In line with the fight against heroin in the 1980s and 90s, the war against cannabis has been waged since the 2000s, leading to the mass incarceration of young people of African descent. The superposition of the figure of the Black or Arab “city dealer” has enabled a general racial profiling to permeate French society, as summarised by Eric Zemmour’s (President of Reconquête) astute observation:

“If the prisons are mainly populated by blacks and Arabs, it is because all the traffickers are black or Arab”.

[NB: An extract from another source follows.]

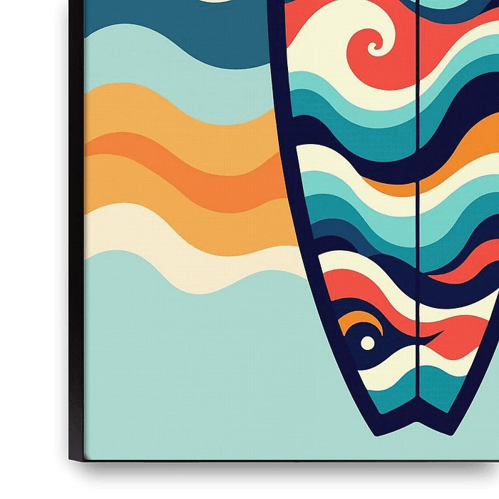 Ein Surfbrett tanzt im Farbenmeer, Wellen umspielen seine elegante Silhouette. Intensive Töne und lebendige Muster feiern die Freude des Surfens, die Freiheit des Wassers, Sonne, Kunst und die Magie der Surfgemeinschaft.

The French constitution prohibits the introduction of the criterion of race in official statistics. As a result, the reality of racial profiling can consistently be contested and denied by police forces who can rely on this Republican colour-blindness to escape reality. Faced with this denial, reform advocates remain silent, for fear of being presented as accomplices of drug dealers. Historically, activists have focused more on promoting the “cannabis” plant, or denouncing the obstacles that prohibition creates for those seeking to improve the healthcare of its users. Meanwhile, the discourse held by addiction experts in favour of the reform – the only ones that can access mainstream media – remains committed to a “drugs are bad” line, which includes tobacco and alcohol.

 

The medical trap for cannabis

In the 1990s, the implementation of a harm reduction policy to combat AIDS – already implemented with great delay – made it possible to modify penal responses, including for cannabis, by insisting on its medicalisation. Since then, the discourse of French reformists has not left this health-based logic, advocating for a change in law that solely allows for strict therapeutic use, without ever alluding to arguments around public freedoms, for fear of being perceived as drug zealots.

The pharmaceutical lobby’s significant support for medical access to cannabis, and relative disinterest to the social issues attached to the plant, are also key to note. It explains, for example, why the recent declaration of the CESEM has no mentions of the racist nature of the war against cannabis, where the frequent battlefield are working-class neighbourhoods across France.

 

A vision of the future

The future looks mixed. The Macron government’s recent move to further repress drug use has materialized through the introduction of administrative fines (Amende Forfaitaire Délictuelle) for consumption, which is added to the arsenal of already existing penalties. Faced with this attack, advocates remain unable to deploy any effective counter-arguments, stuck in their medical approach; it’s a struggle to differentiate these arguments from those the Minister of the Interior used to use in 1980s, which used “drugs are shit” as a slogan for a public campaign.

On the other hand, the war waged on the suburbs in the name of the fight against cannabis is increasingly highlighted by official bodies. The National Consultative Commission on Human Rights (CNCDH) and the Defender of Rights have produced surveys that unveil the reality of racial profiling. It is therefore possible that the constant and nagging issue of social and racial discrimination that defines our entire repressive system of drug control may come to influence the activists fighting against the war on cannabis. Only then will the French resistance to drug policy reform may be addressed and surpassed.